* _INFORMATION SUPPLIED_
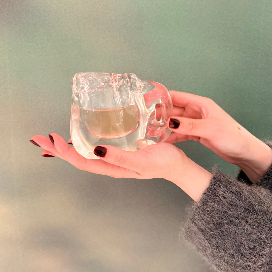 Sini Majurin lasiset kuksat ovat järkäleitä. Tahallaan. Ne painavat niin, ettei niitä voi nostaa huomaamatta. Juodessa on pakko hidastaa.
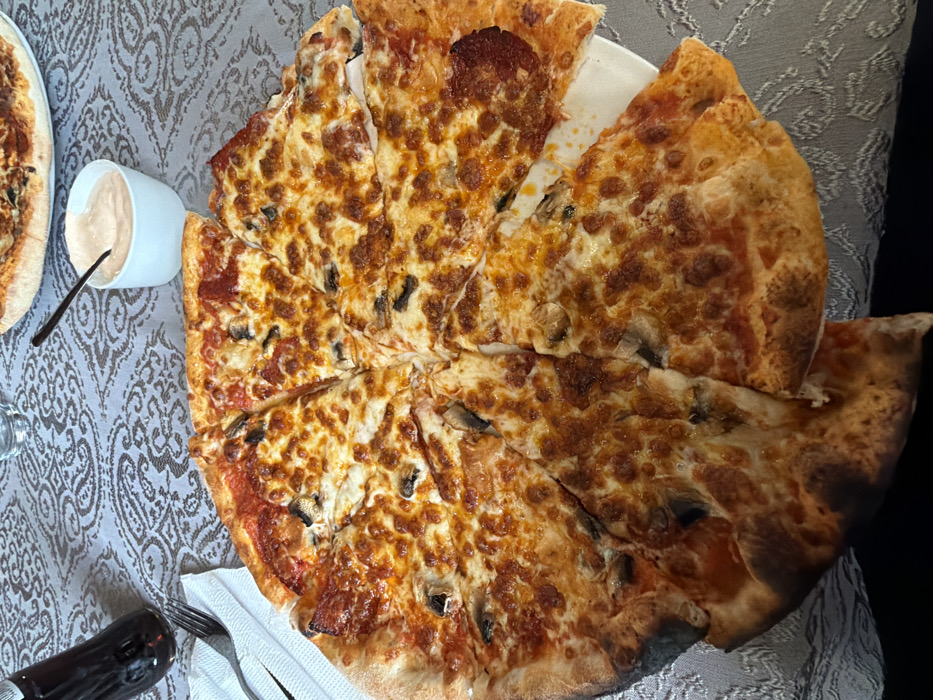 The image presents an overhead view of a dining table in an indoor setting in Sofia, Bulgaria. A large, circular pizza, sliced into eight segments, occupies the majority of the frame, resting on a white serving plate positioned on a grey tablecloth with a repeating ornate pattern. The pizza features a golden-brown melted cheese topping over a red tomato base, with visible mushroom slices distributed across most pieces. Several slices also display round, reddish-brown pepperoni pieces. The pizza crust exhibits a golden-brown coloration with some localized charring. To the upper left, a dark glass bottle, a clear drinking glass, and a silver fork resting on a folded white paper napkin are visible. In the upper right quadrant, a small white ceramic bowl contains a light orange/pink sauce, accompanied by a small spoon. A second, out-of-focus pizza on a white plate is partially visible in the upper background. No individuals are present within the frame. The scene depicts a meal prepared for consumption.
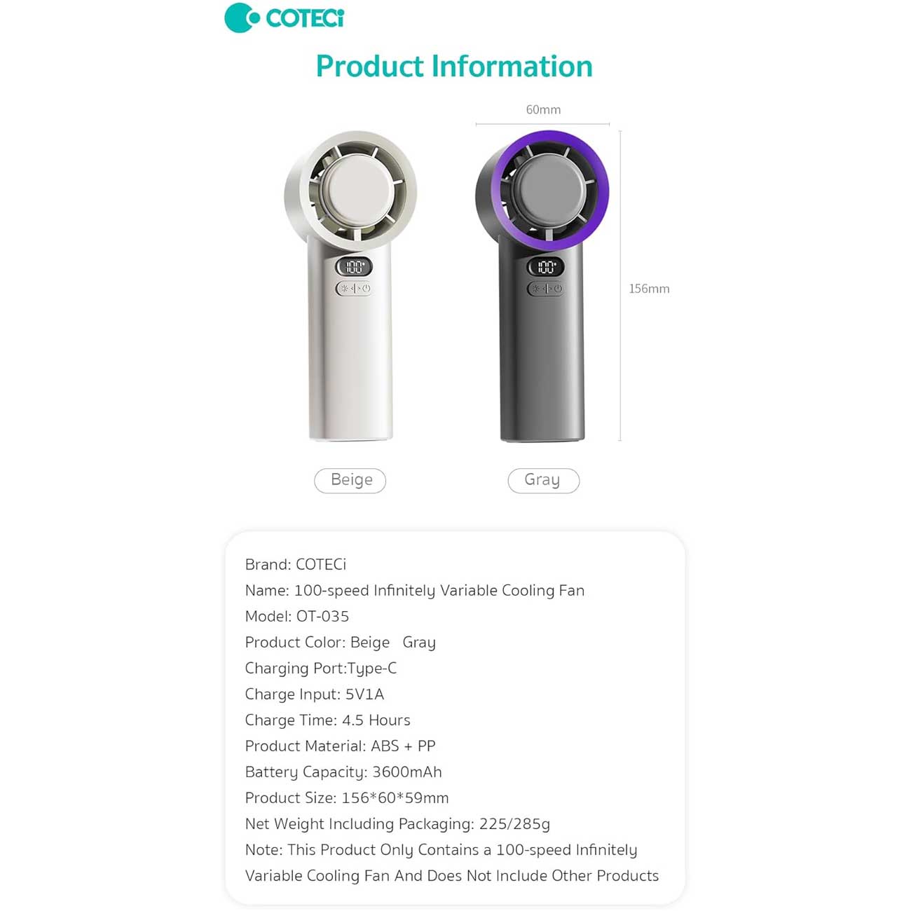 COTECI HANDHELD FAN OT35GY
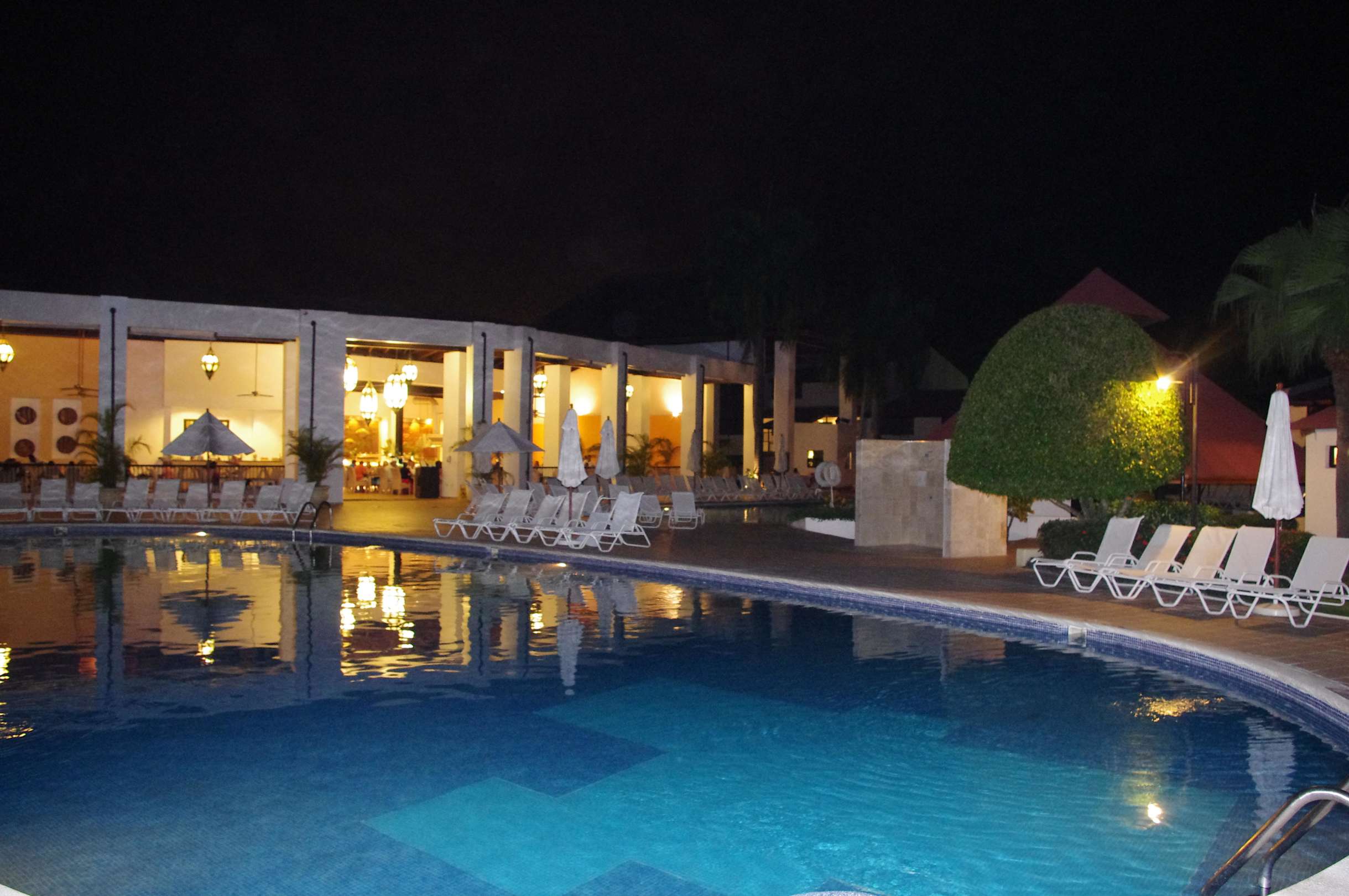 Pool und Blick zum Restaurant

* _WHAT THE EXERCISE ASKS_
Give back each line above exactly, with pictures dropped.

* _EXPECTED ANSWER_
 Sini Majurin lasiset kuksat ovat järkäleitä. Tahallaan. Ne painavat niin, ettei niitä voi nostaa huomaamatta. Juodessa on pakko hidastaa.
 The image presents an overhead view of a dining table in an indoor setting in Sofia, Bulgaria. A large, circular pizza, sliced into eight segments, occupies the majority of the frame, resting on a white serving plate positioned on a grey tablecloth with a repeating ornate pattern. The pizza features a golden-brown melted cheese topping over a red tomato base, with visible mushroom slices distributed across most pieces. Several slices also display round, reddish-brown pepperoni pieces. The pizza crust exhibits a golden-brown coloration with some localized charring. To the upper left, a dark glass bottle, a clear drinking glass, and a silver fork resting on a folded white paper napkin are visible. In the upper right quadrant, a small white ceramic bowl contains a light orange/pink sauce, accompanied by a small spoon. A second, out-of-focus pizza on a white plate is partially visible in the upper background. No individuals are present within the frame. The scene depicts a meal prepared for consumption.
 COTECI HANDHELD FAN OT35GY
 Pool und Blick zum Restaurant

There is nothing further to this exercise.